[Records from a data collection]
----

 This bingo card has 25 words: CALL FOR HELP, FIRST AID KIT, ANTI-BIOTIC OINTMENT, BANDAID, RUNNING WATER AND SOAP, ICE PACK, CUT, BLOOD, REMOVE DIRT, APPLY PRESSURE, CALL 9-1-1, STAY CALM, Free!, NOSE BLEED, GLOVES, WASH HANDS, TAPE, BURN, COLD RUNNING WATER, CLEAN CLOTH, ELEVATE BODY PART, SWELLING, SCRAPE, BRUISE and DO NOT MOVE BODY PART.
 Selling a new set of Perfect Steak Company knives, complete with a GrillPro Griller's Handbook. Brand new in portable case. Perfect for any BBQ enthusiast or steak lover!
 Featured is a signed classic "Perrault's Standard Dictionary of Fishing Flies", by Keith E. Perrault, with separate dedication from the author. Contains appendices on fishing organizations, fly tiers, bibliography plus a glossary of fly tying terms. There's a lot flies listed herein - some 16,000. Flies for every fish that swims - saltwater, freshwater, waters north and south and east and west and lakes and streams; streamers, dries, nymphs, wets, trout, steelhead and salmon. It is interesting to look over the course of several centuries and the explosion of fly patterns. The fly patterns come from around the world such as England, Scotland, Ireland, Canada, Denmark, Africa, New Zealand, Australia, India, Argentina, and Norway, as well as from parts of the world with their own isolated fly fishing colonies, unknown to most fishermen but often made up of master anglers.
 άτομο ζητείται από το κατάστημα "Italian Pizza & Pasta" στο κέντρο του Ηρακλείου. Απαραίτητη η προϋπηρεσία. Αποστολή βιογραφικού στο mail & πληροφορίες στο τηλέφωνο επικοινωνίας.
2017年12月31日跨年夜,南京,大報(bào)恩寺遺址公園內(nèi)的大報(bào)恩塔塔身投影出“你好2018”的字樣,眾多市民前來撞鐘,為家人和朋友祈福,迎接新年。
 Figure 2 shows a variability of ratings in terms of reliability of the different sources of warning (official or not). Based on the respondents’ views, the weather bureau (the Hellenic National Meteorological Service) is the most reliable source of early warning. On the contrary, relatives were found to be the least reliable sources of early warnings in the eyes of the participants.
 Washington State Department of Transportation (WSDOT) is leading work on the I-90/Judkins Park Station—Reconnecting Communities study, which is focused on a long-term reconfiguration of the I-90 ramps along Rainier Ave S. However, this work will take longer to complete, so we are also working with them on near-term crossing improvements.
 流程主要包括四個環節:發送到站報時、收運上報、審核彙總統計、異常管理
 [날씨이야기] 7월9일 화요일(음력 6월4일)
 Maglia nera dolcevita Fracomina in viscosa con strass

----

#### PROMPT:
For each line in the entries that contains the string "complete", make a copy.

#### WRITTEN RESPONSE:
 Selling a new set of Perfect Steak Company knives, complete with a GrillPro Griller's Handbook. Brand new in portable case. Perfect for any BBQ enthusiast or steak lover!
 Washington State Department of Transportation (WSDOT) is leading work on the I-90/Judkins Park Station—Reconnecting Communities study, which is focused on a long-term reconfiguration of the I-90 ramps along Rainier Ave S. However, this work will take longer to complete, so we are also working with them on near-term crossing improvements.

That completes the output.